Rule 206(4)-2 (the current “custody rule”) has required investment advisers to safeguard client funds and securities in their possession or where they have authority to obtain possession of them. The rule is designed to protect these assets from the adviser’s own insolvency or bankruptcy, and from the assets being lost, misused, stolen, or misappropriated.

The proposed amendments would expand and modernize the scope of the current custody rule beyond client funds and securities to include any client assets (notably, e.g., crypto assets) of which an adviser has custody. The amendments would also redesignate the current custody rule as new rule 223-1 under the Advisers Act (the “safeguarding rule”). The safeguarding rule would explicitly include an adviser’s discretionary authority to trade client assets within the definition of custody, and, like the current custody rule, the safeguarding rule would require advisers with custody of client assets to entrust safekeeping of those assets to a qualified custodian.

The proposed safeguarding rule’s enhanced protections would also:

  • Require that an adviser enter into a written agreement with and receive certain assurances from the qualified custodian to make sure the qualified custodian provides certain standard custodial protections when maintaining client assets;
  •  Modify the current custody rule’s privately offered securities exception from the obligation to maintain client assets with a qualified custodian by expanding the exception to include certain physical assets;
  • Expand the scope of who can satisfy the rule’s surprise examination requirement through financial statement audits by specifying that an entity is not required to be a limited partnership, limited liability company, or another type of pooled investment vehicle to rely on this provision;
  • Amend the investment adviser recordkeeping rule 204-2 to require advisers to keep additional, more detailed records of trade and transaction activity and position information for each client account of which it has custody; and
  • Amend Form ADV to align advisers’ reporting obligations with the proposal and to improve the accuracy of custody-related data available to the Commission, its staff, and the public.

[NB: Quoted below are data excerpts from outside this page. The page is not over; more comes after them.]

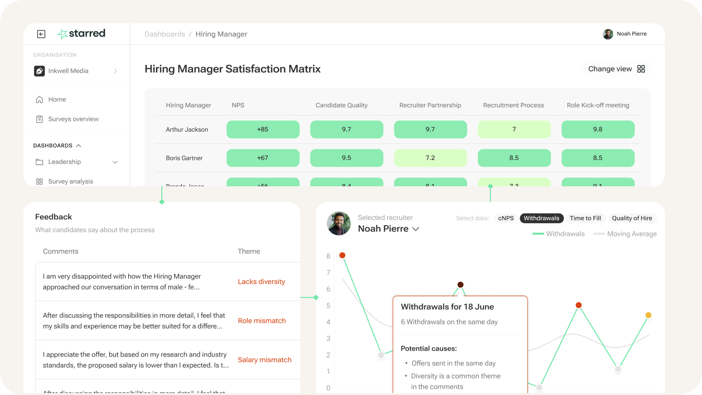 Starred’s intelligent dashboards let you analyze feedback by recruiter, department, job, location and much more, so you can focus on what matters most. Join Starred’s global community of data-driven companies to benchmark performance, unlock insights with Comment Analysis, and build action plans with the Priority Matrix.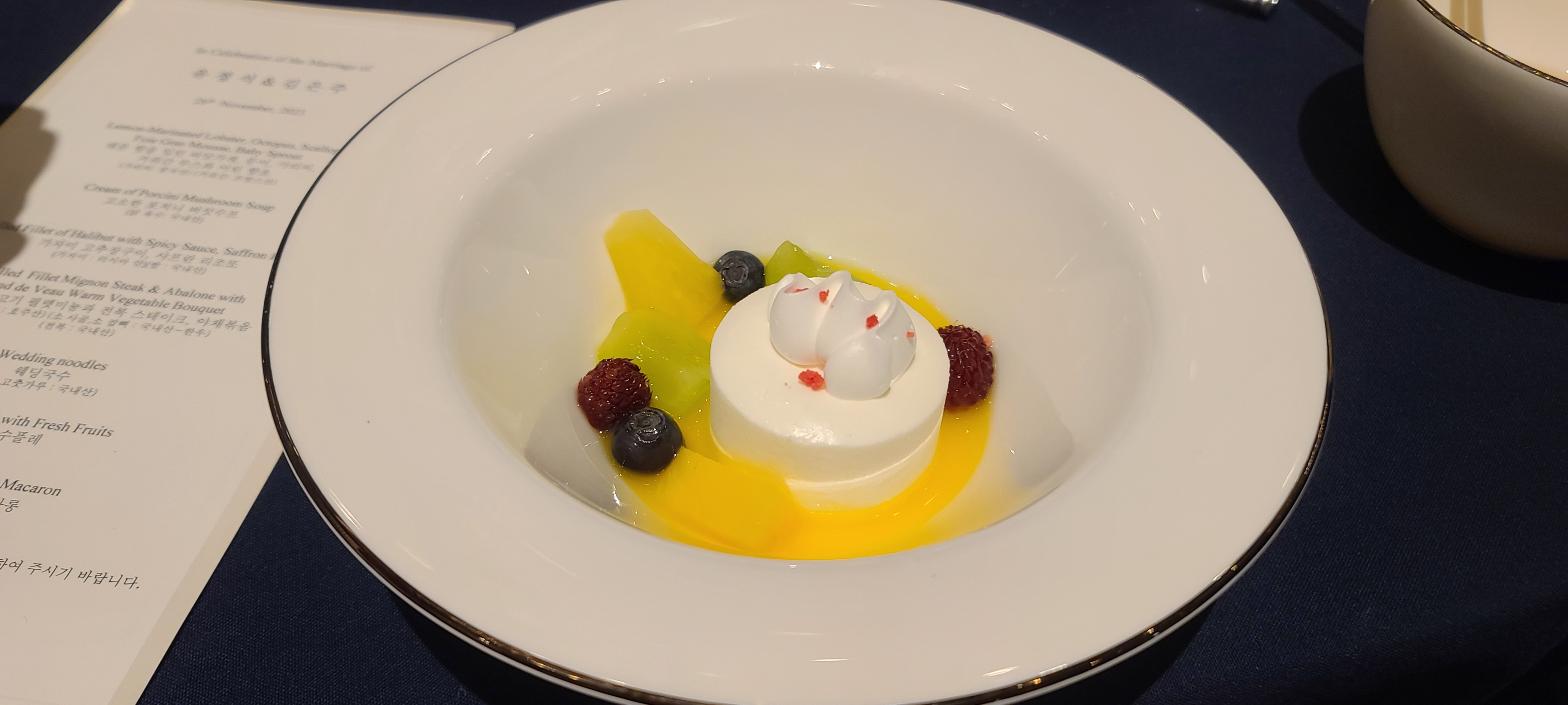 국수를 비우자 다음코스는 요거트 수플레가 나왔습니다. 생크림아래 과일소스를 깔고 산딸기, 블루베리, 파인애플 등 다양한 과일을 가니쉬로 마무리한 비주얼이 참으로 아름다워보입니다. 맛을보니 부드러운 크림맛과 상큼한 과일의 조화가 참으로 좋았으며 입맛을 산뜻하게 만들어주는 디저트의 역할을 훌륭히 수행해 내고 있습니다.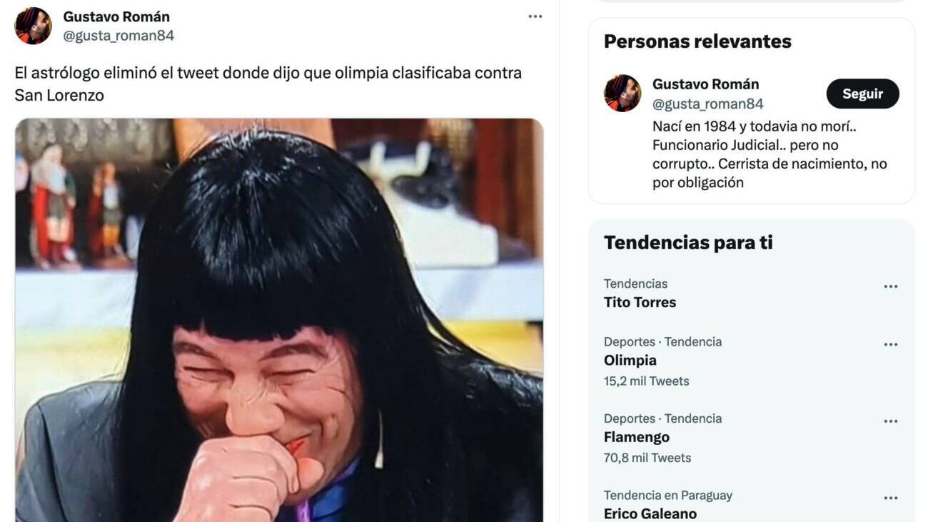 ¿Qué fue lo que pasó? ¿Se esfumó? ¿Es todo invento de la gente? ¿O realmente un “astrólogo” dijo que Olimpia clasificaba en la Copa Paraguay dejando por el camino a San Lorenzo? Sea como sea, en las redes sociales se levantó una polvareda de aquellas no solo porque el “Rayadito” le hizo comer hule al “Rey de Copas” sino porque después el tuit en cuestión, misteriosamente, desapareció como por arte de magia.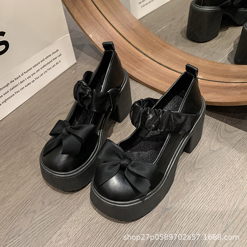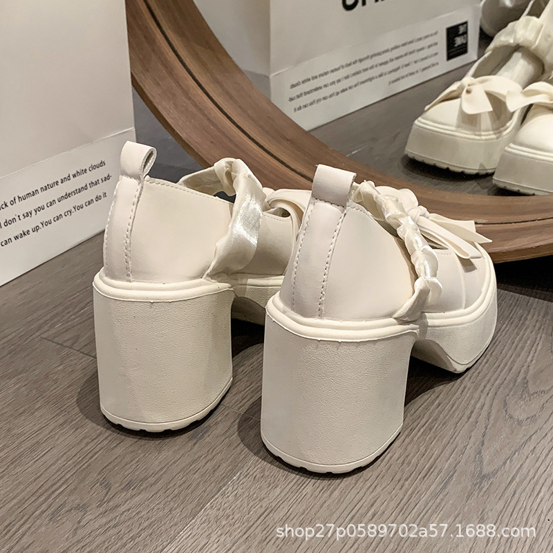 영국 스타일 Mary Jane 작은 가죽 신발 2024 봄과 가을 새로운 두꺼운 밑창 플랫폼 케이크 바닥 두꺼운 뒤꿈치 신발 여성의 얕은 입 로퍼스토어 가기

Transition Period and Compliance Date

The SEC is proposing a one-year transition period to provide time for advisers to come into compliance with the redesignation of rule 206(4)-2 as new rule 223-1, and the corresponding amendments to rule 204-2 and Form ADV, as applicable. Accordingly, the compliance date of any adoption of the proposal would be one year following the rules’ effective dates which would be sixty days after the date of publication of the final rules in the Federal Register for advisers with more than $1 billion in regulatory assets under management (“RAUM”). For advisers with up to $1 billion in RAUM, the compliance date of any adoption of the proposal would be 18 months following the rules’ effective dates which would be sixty days after the date of publication of the final
rules in the Federal Register.

The comment period on the proposal will remain open for 60 days following publication of the proposing release in the Federal Register.